Hi guys,
First, I have to say that I’m french so I’ll do my best to write in english (but it could be a little bit weird ^^)
So, I have several websites for clients or friends.
My host provider use Plesk to let me manage them and Let’s Encrypt is one of the plugin installed.
It’s a great solution to secure domains but ALL of my clients/friends have the same difficulties to add their email addresses on Mail (MAC)
The error message told something like “the certificat domain doesn’t look like the email domain”
And it’s true, because all the certificates generated by the Plesk plugin use the main domain of the server instead of the domain of the final website.
Does it mean the Let’sEncrypt plugin isn’t well set on Plesk? Or it’s the normal process?
The first problem is for my client (never too good to can’t install easily an email address)
The second problem is for the security (most of the time, as it considered as insecure, sometime the domain is blacklisted by the network provider)
The third problem is, even if the client whitelisted the domain and the email address works at home, if he goes to a different office or in a coffee with wifi, most of the time, the account can’t receive or send emails)
So, do you have some good tips to tell me? Or tell me what you need in order to give me some help?
Thanks in advance !
Hi @Arcantide
your setup is unknown.
What's your main domain? What are domains with problems?
Why isn't it possible to install certificates with other domains and a mail server? Why is it required to create an own mail subdomain?
your setup is unknown.
- What kind of informations do you need?
What’s your main domain? What are domains with problems?
- All the domains has the same issue so that the reason I didn’t give one but for example, you can check with this one: www.arcantide.com
Why isn’t it possible to install certificates with other domains and a mail server? Why is it required to create an own mail subdomain?
- Well, as for everyone I guess, I’m only give the usual informations when I add an email account to Mail (id, password, imap.domain.com and smtp.domaine.com)
Which is pretty strange, if I use the server domain, I don’t have the issue.
So I guess the Let’s Encrypt plugin on Plesk admin create a certificate for the server domain it’s installed on instead of creating a certificate of the domain I choose.

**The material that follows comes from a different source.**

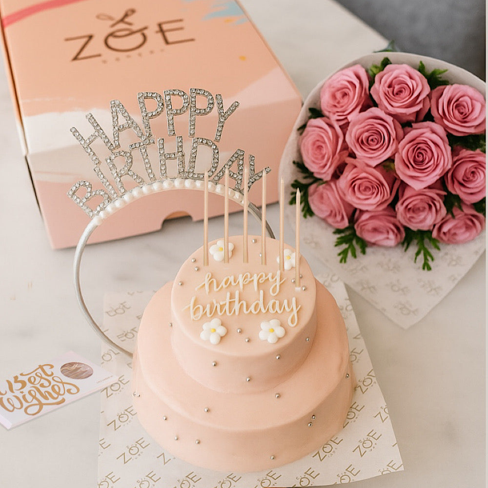 مع شمعة، بوكية زهور، و تاج للشعر بعبارة
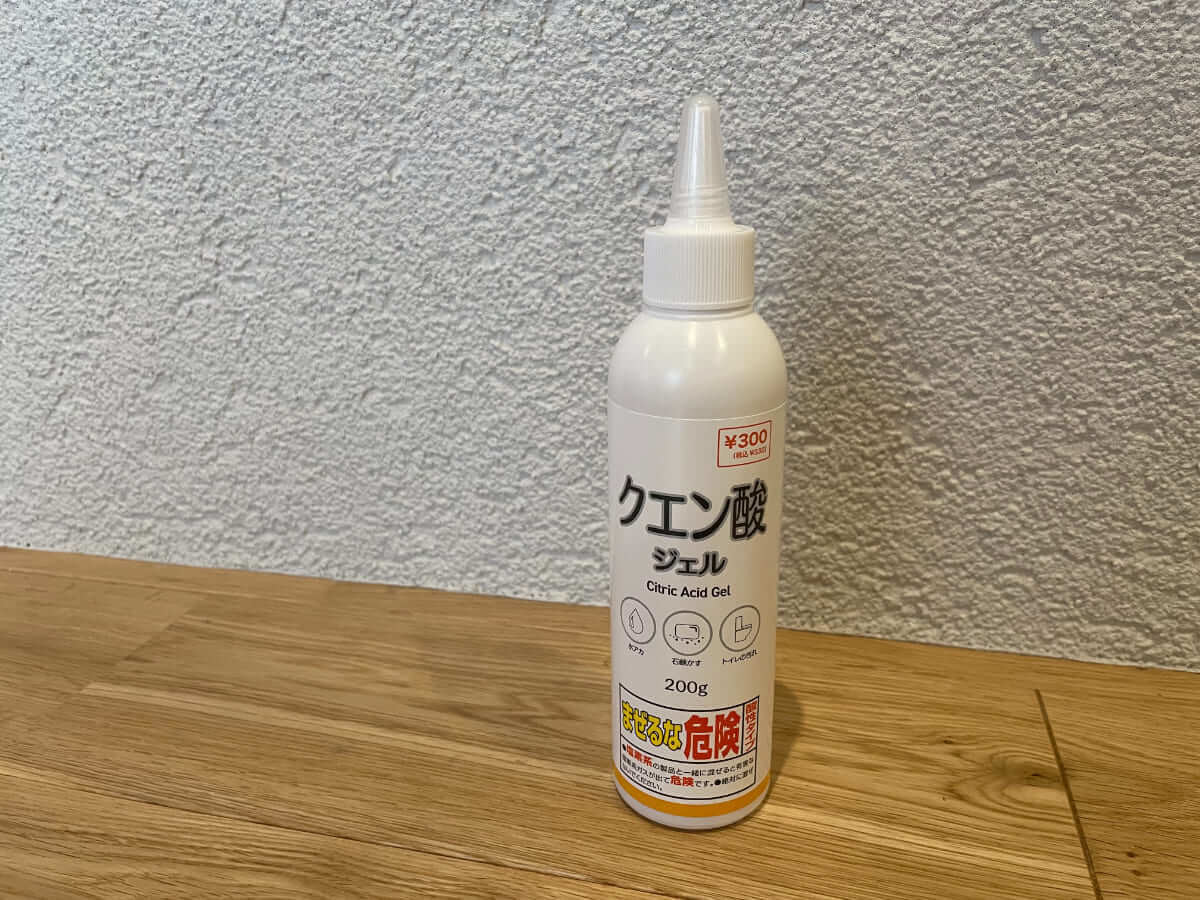 ダイソーのクエン酸ジェルは、酸の力で水垢を分解するクエン酸を配合したジェルです。

That’s why I think it’s probably a bad setting of the Let’s Encrypt plugin.
Does it make sense?
Checking that domain - https://check-your-website.server-daten.de/?q=arcantide.com
https has the correct certificate and works:
CN=arcantide.com
23.11.2019
21.02.2020
expires in 40 days arcantide.com, arcantide.fr, webmail.arcantide.com,
www.arcantide.com, www.arcantide.fr - 5 entries
All mail ports have the wrong certificate - see the connections - part:
CN=admin.serveur30.org
20.12.2019
19.03.2020
expires in 67 days admin.serveur30.org - 1 entry
Per ip address you have only one mail port 465 / 993 / 995.
So you need one certificate with all of these domain names, but it may be impossible to create such a certificate via Plesk.

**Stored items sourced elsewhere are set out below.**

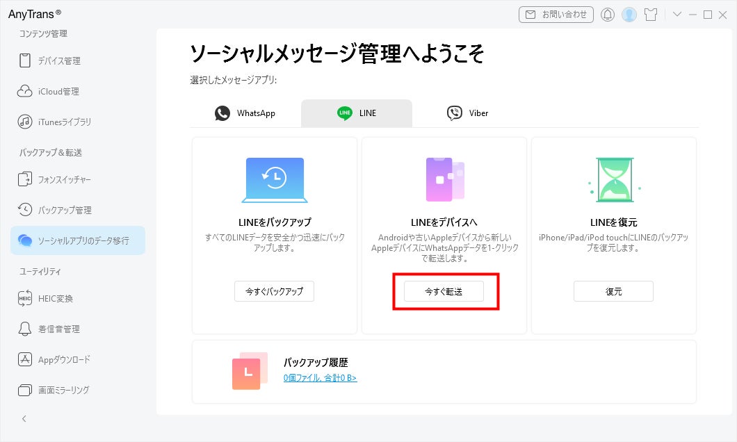 Step2.「LINEをデバイスへ」で、「今すぐ転送」をクリックします。
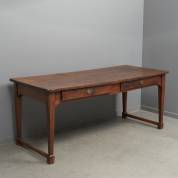 Kastanjehouten tafel met twee lades onder het blad, Engeland, 19e eeuw -chip van poot, gebruikssporen-, 78 × 185 × 80 cm
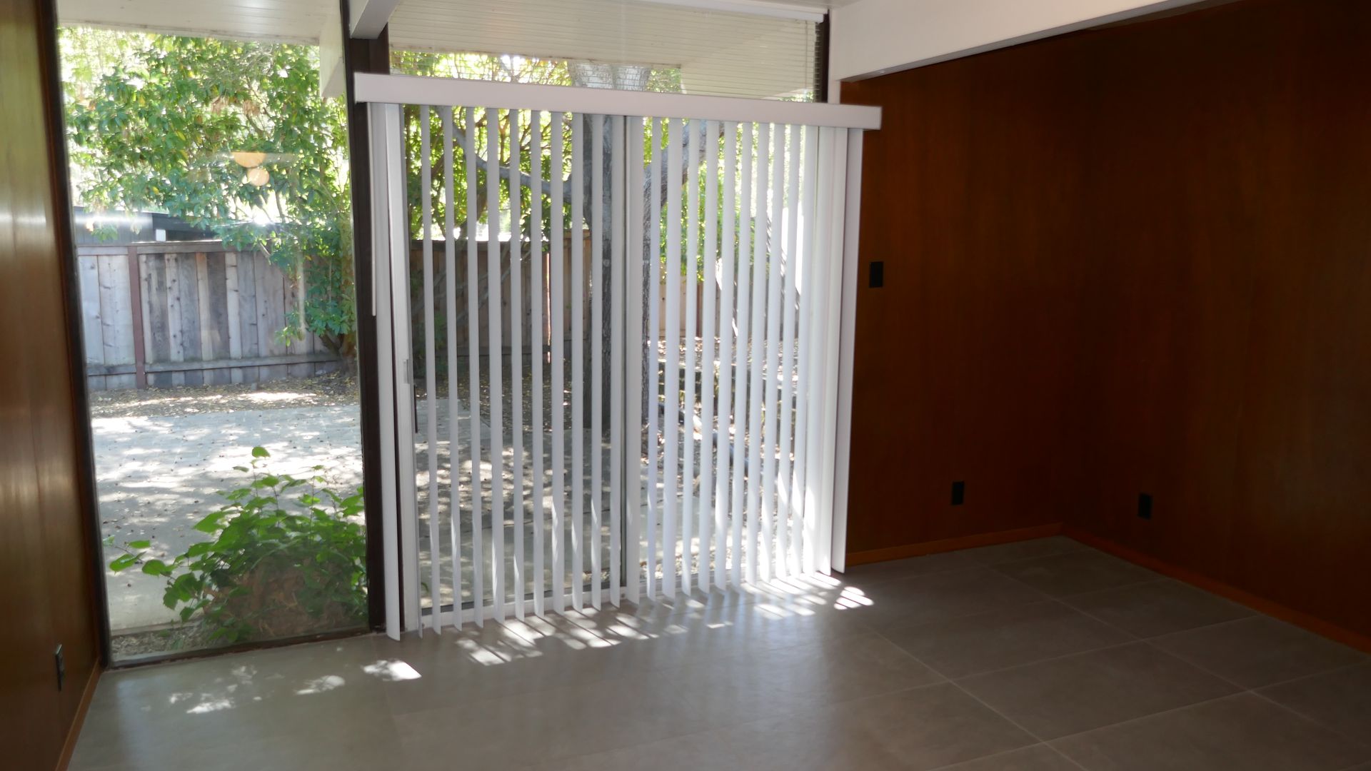 Primary bedroom, living room, kitchen, and dining area all offer direct backyard access.

Or your customers should use
- the webmail subdomain (or)
- the domain name
admin.serveur30.orgin their mail client, not the own domain.
Good observation 
For evident reasons, I don’t really want to ask my clients to use the server domain name…

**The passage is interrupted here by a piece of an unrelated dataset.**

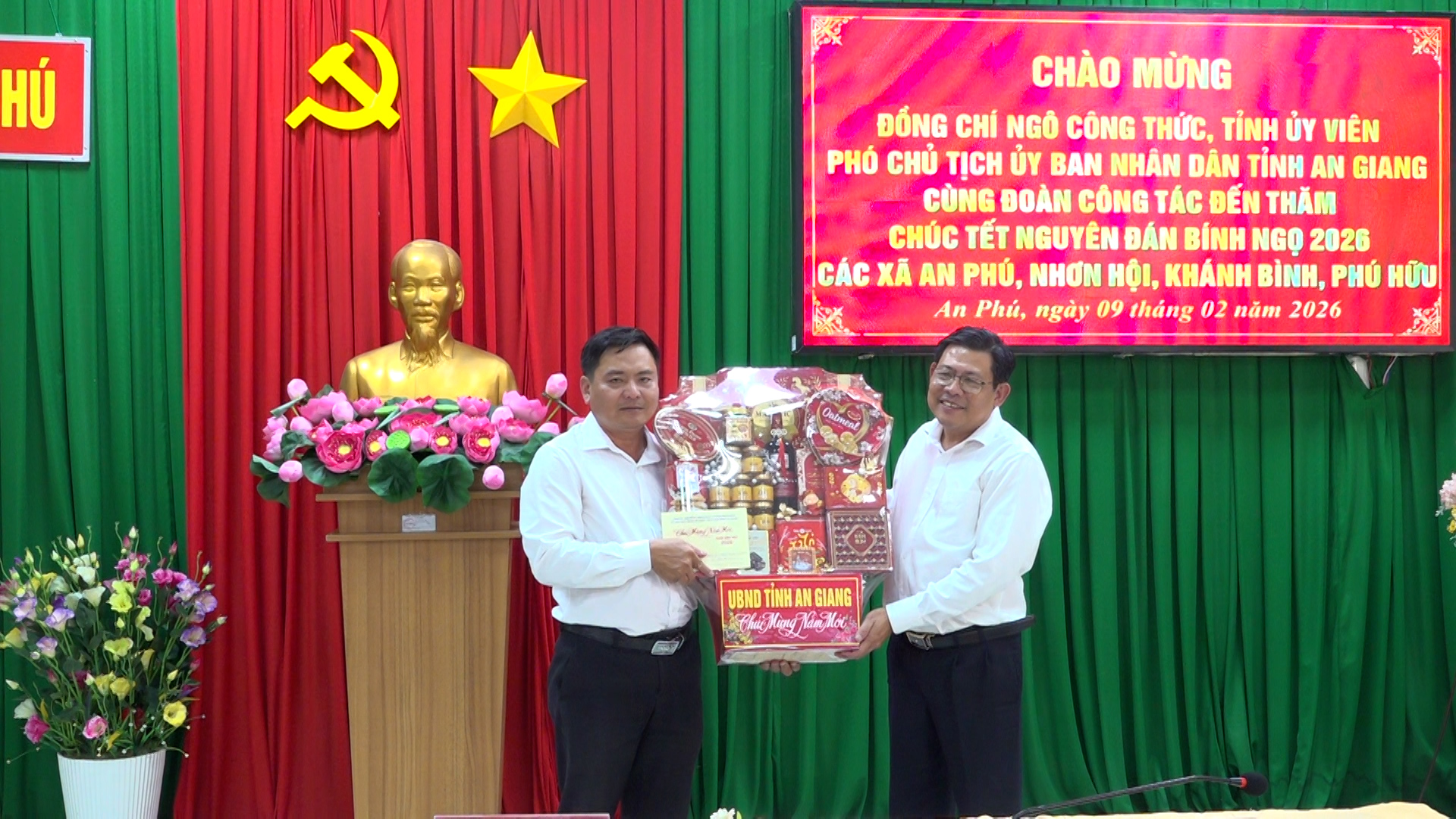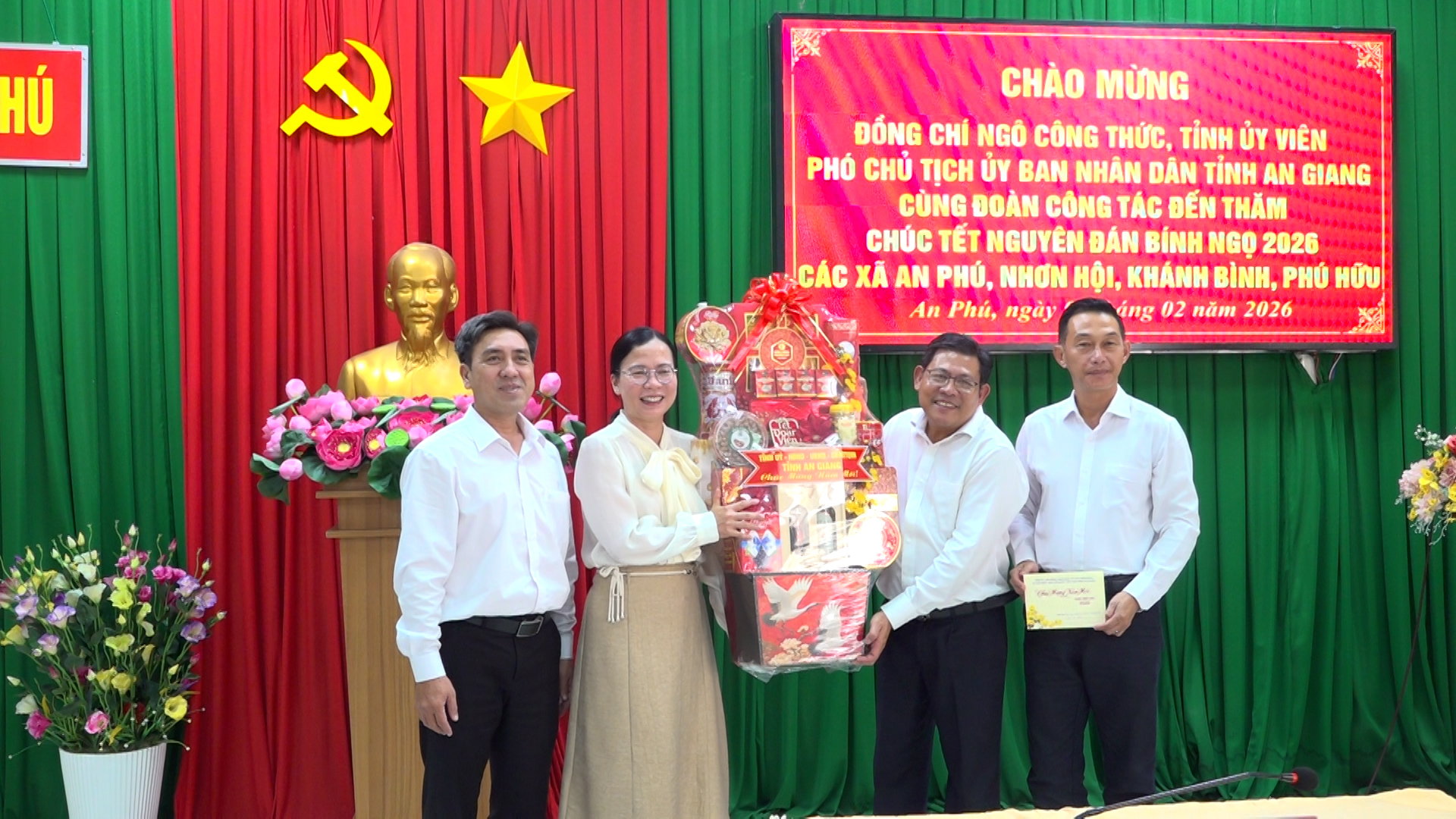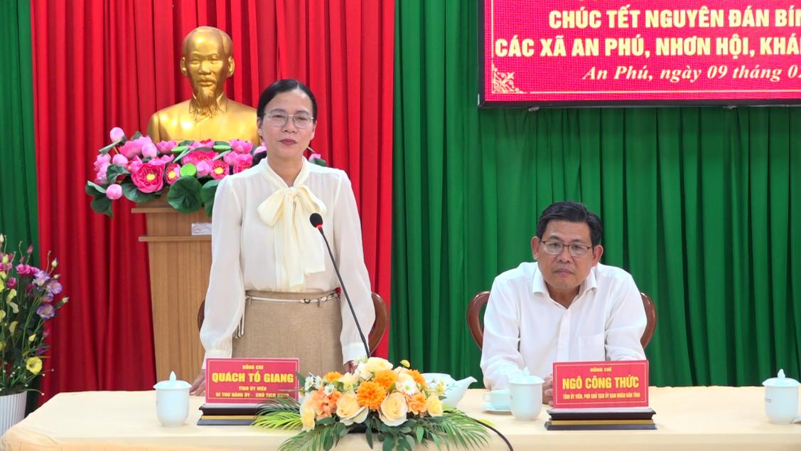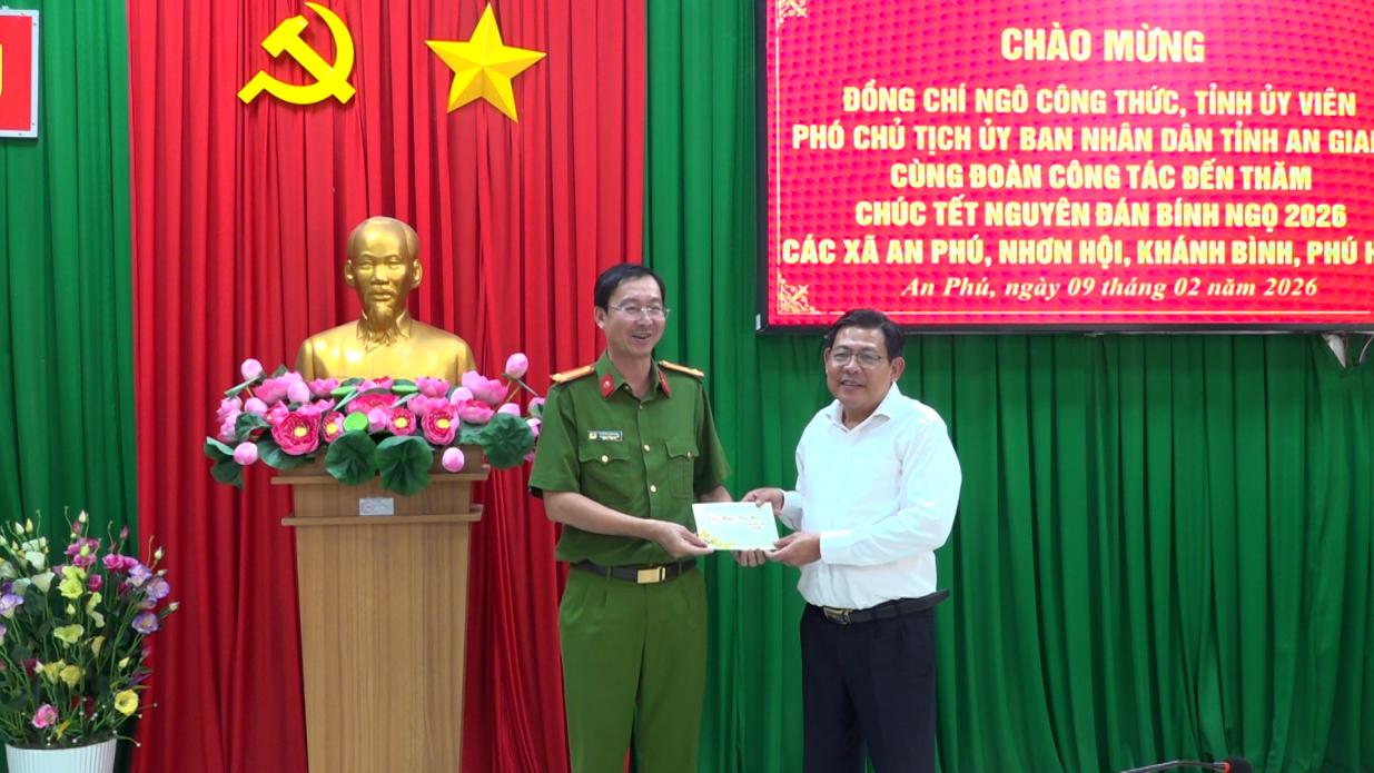 Thay mặt đoàn công tác, Phó Chủ tịch UBND tỉnh An Giang Ngô Công Thức tặng quà, chúc Đảng ủy, HĐND, UBND, Ủy ban MTTQ Việt Nam, lực lượng vũ trang và Nhân dân các xã An Phú, Khánh Bình, Nhơn Hội và Phú Hữu năm mới nhiều sức khỏe, vui tươi và gặt hái nhiều thắng lợi mới.

Do you think the wild card certificat of Let’s Encrypt will solve this issue?
Pretty strange that Plesk can’t let us set the domains encrypted…
By the way, one more strange thing is if you check webmail.arcantide.com, you will see it is not secured.
I really don’t understand why 
How should a wildcard resolve that? Please read some basics:
and the FAQ.
As written: Create one certificate with all mail domains.
https works, there is no redirect http -> https. That's your job to configure it.
I thought wild card certificats was supposed to secure all sub-domains (as email domains)
I don’t find any article on that subject
But thanks for your help!
Don’t want to waste your time
That's correct. But the problem is the installation. Looks like you have only one mail server. And I don't know if your mail server supports the installation of different certificates (one per domain).
But if that is possible, a mail.maindomain.com + smtp.maindomain.com + pop3.maindomain.com is enough, so you don't need the dns validation to create a wildcard certificate.
A huge thank for your precious help !
I’m gonna check this and obviously take more time to understand the way certificats works
Regards,
Florent
This topic was automatically closed 30 days after the last reply. New replies are no longer allowed.